─── Material provided ───
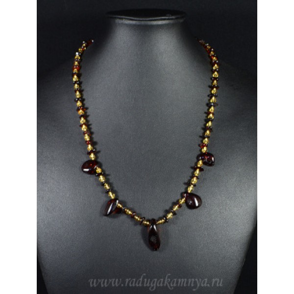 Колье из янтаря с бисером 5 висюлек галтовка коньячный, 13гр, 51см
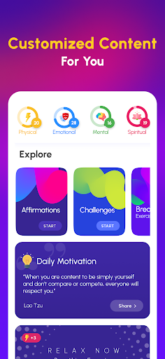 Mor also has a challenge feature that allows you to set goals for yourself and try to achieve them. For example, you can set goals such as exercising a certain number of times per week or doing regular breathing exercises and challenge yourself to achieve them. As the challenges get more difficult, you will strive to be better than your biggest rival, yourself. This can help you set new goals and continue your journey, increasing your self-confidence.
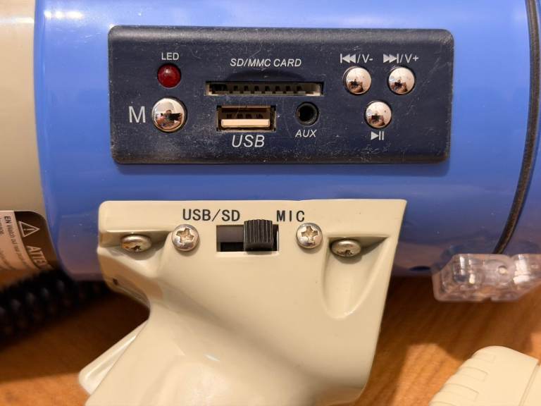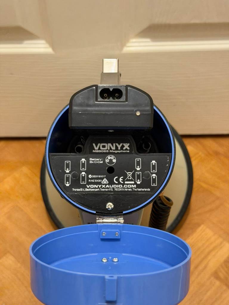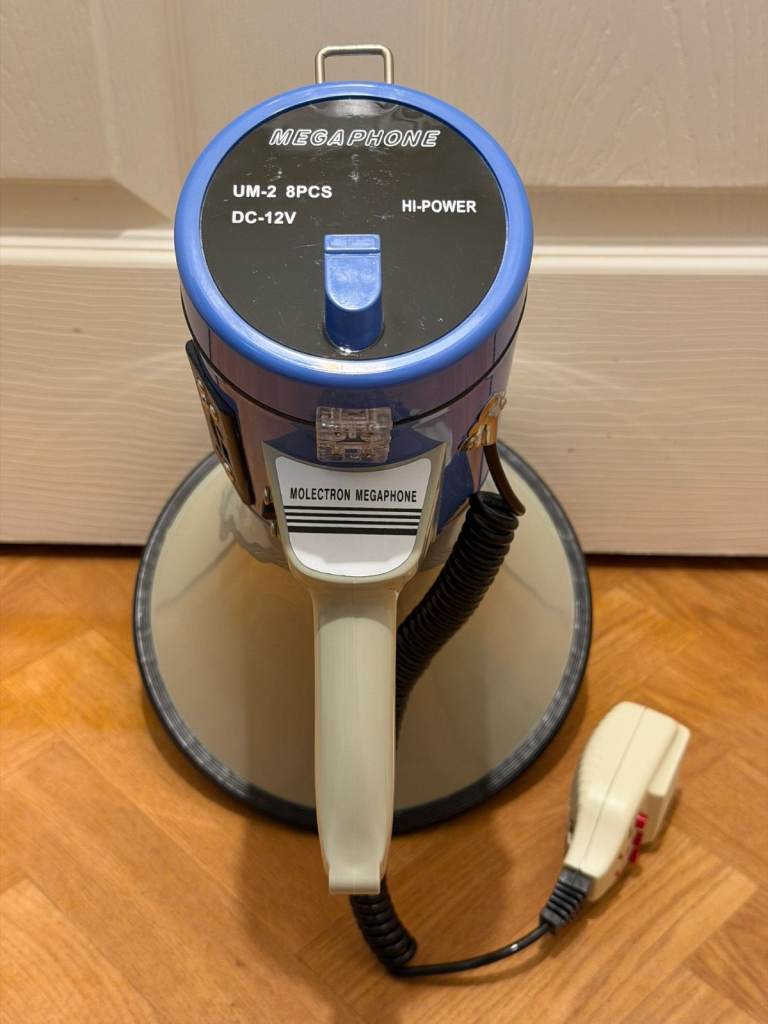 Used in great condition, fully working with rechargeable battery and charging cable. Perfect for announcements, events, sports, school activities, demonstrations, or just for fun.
───
▶ [Task directions]:
Return the listing above word for word. Keep the images out.

▶ [Written response]:
 Колье из янтаря с бисером 5 висюлек галтовка коньячный, 13гр, 51см
 Mor also has a challenge feature that allows you to set goals for yourself and try to achieve them. For example, you can set goals such as exercising a certain number of times per week or doing regular breathing exercises and challenge yourself to achieve them. As the challenges get more difficult, you will strive to be better than your biggest rival, yourself. This can help you set new goals and continue your journey, increasing your self-confidence.
 Used in great condition, fully working with rechargeable battery and charging cable. Perfect for announcements, events, sports, school activities, demonstrations, or just for fun.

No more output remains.